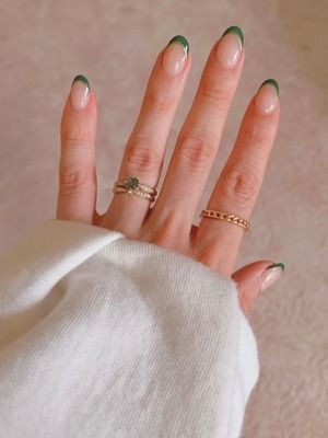 Френч – это красивый и неповторимый дизайн, который подходит всем без исключения. Лаконичный салатовый оттенок во френче не будет столь акцентным и ярким, так как самого лака будет немного, если очерчивается только улыбка. Для дополнительного перекликания с аксессуарами нанесите тонкую полоску серебряного лака или блесток, чтобы провести параллель с серебряными украшениями на пальцах. Кольца могут быть как небольшими и аккуратными, так и фантазийными. Инкрустацию камня также можно удачно обыграть. Например, если минерал прозрачный, то глиттер или тот же серебристый лак будет связующим звеном.
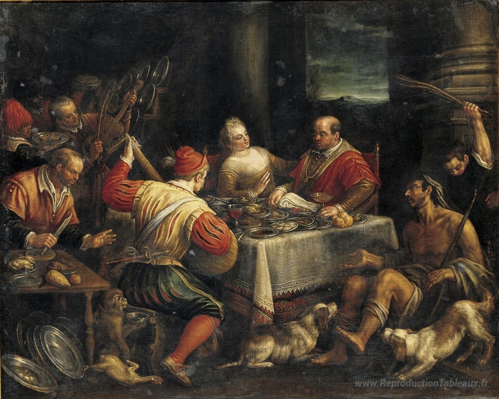 Nous vous proposons une reproduction artisanale sur toile du célèbre tableau 'Scène de banquet' de Jacopo Bassano, provenant du Musée de la Reproduction.
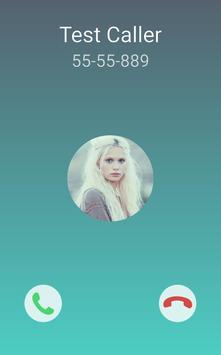 Second call screen is with full screen caller image. Full screen hd image consist of circle images. Call screen shows full screen caller id for all contacts. Swipe to answer or reject.
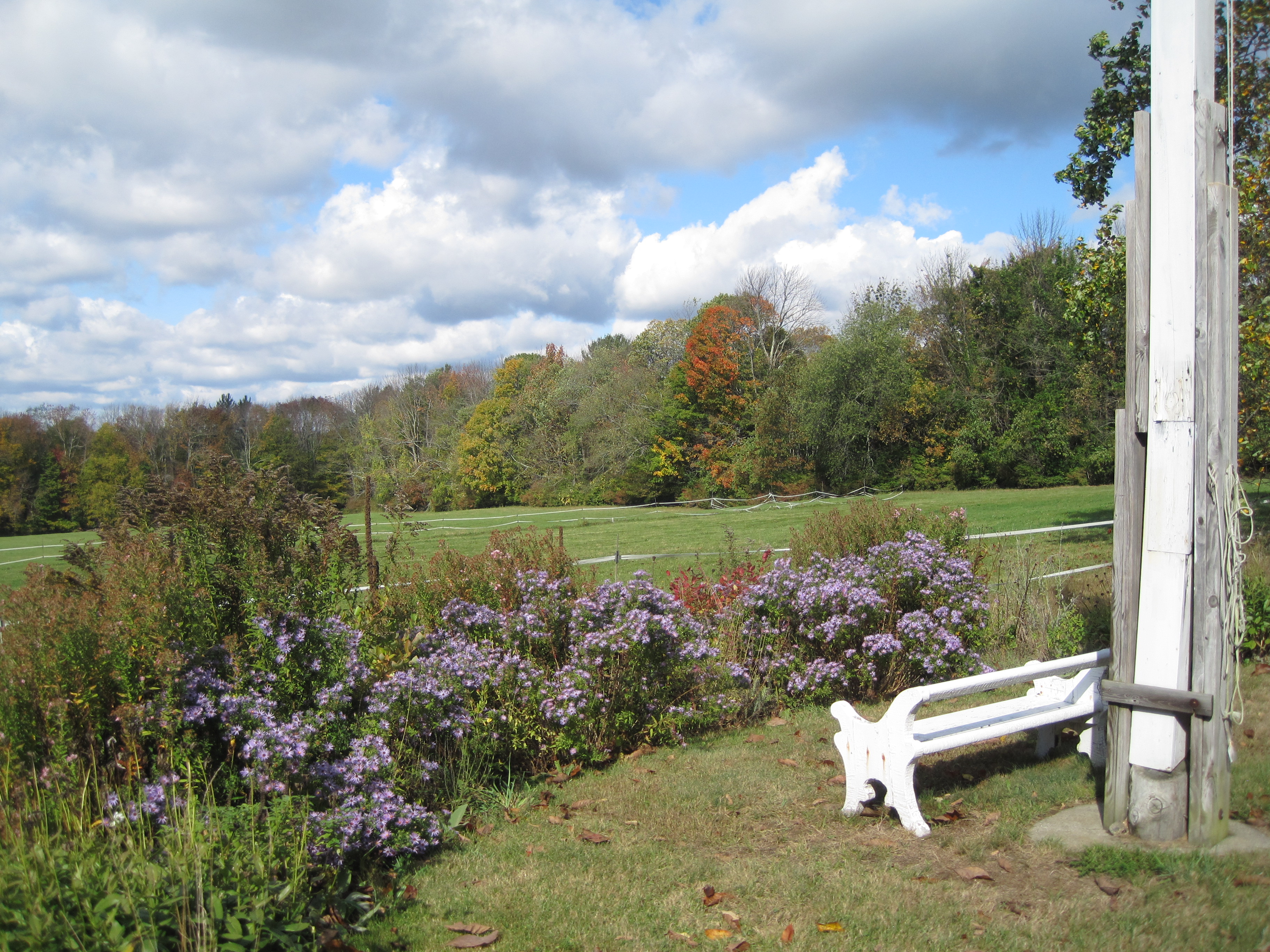 Japanese Maples aren’t usually planted for their fall color, which is a pity. Our various seedlings tend to fall into two types of color: pure scarlet or flame orange. (and a lot of muddy ones where the red just doesn’t quite do it, but is definitely red) A few are orange. The greener the bark, the oranger the coloration in the fall. In general, the orange/green have relatively green summer foliage, which is probably why they are less common (until recently we tended to select on the basis of summer foliage). For one reason or another, we decided to plant two rather nice green ones flanking the drive, I decided I liked them, and we have since added several more. Which means that we have succeeded, somewhat not accidentally in developing what (in several decades) will be a real grouping of orange maples in the Rabbit Hole drive, an accomplishment that really was only apparent this year, as several are very small still. The fall color, no surprise, comes from the two different parents, along with the trunk/twig coloration. The orange seems to come from the fine cut-leafed dwarf maple parent, the red from the bigger, rather coarsely cut full sized parent. The red is always a pure color with no shading on the leaf. The orange tends to shade towards the veins/edges, creating an appearance similar to Stewartia or Dogwoods, where the tree is not a single color.

_What is expected_
Retype the lines above exactly, no pictures.

_Solved exercise_
 Френч – это красивый и неповторимый дизайн, который подходит всем без исключения. Лаконичный салатовый оттенок во френче не будет столь акцентным и ярким, так как самого лака будет немного, если очерчивается только улыбка. Для дополнительного перекликания с аксессуарами нанесите тонкую полоску серебряного лака или блесток, чтобы провести параллель с серебряными украшениями на пальцах. Кольца могут быть как небольшими и аккуратными, так и фантазийными. Инкрустацию камня также можно удачно обыграть. Например, если минерал прозрачный, то глиттер или тот же серебристый лак будет связующим звеном.
 Nous vous proposons une reproduction artisanale sur toile du célèbre tableau 'Scène de banquet' de Jacopo Bassano, provenant du Musée de la Reproduction.
 Second call screen is with full screen caller image. Full screen hd image consist of circle images. Call screen shows full screen caller id for all contacts. Swipe to answer or reject.
 Japanese Maples aren’t usually planted for their fall color, which is a pity. Our various seedlings tend to fall into two types of color: pure scarlet or flame orange. (and a lot of muddy ones where the red just doesn’t quite do it, but is definitely red) A few are orange. The greener the bark, the oranger the coloration in the fall. In general, the orange/green have relatively green summer foliage, which is probably why they are less common (until recently we tended to select on the basis of summer foliage). For one reason or another, we decided to plant two rather nice green ones flanking the drive, I decided I liked them, and we have since added several more. Which means that we have succeeded, somewhat not accidentally in developing what (in several decades) will be a real grouping of orange maples in the Rabbit Hole drive, an accomplishment that really was only apparent this year, as several are very small still. The fall color, no surprise, comes from the two different parents, along with the trunk/twig coloration. The orange seems to come from the fine cut-leafed dwarf maple parent, the red from the bigger, rather coarsely cut full sized parent. The red is always a pure color with no shading on the leaf. The orange tends to shade towards the veins/edges, creating an appearance similar to Stewartia or Dogwoods, where the tree is not a single color.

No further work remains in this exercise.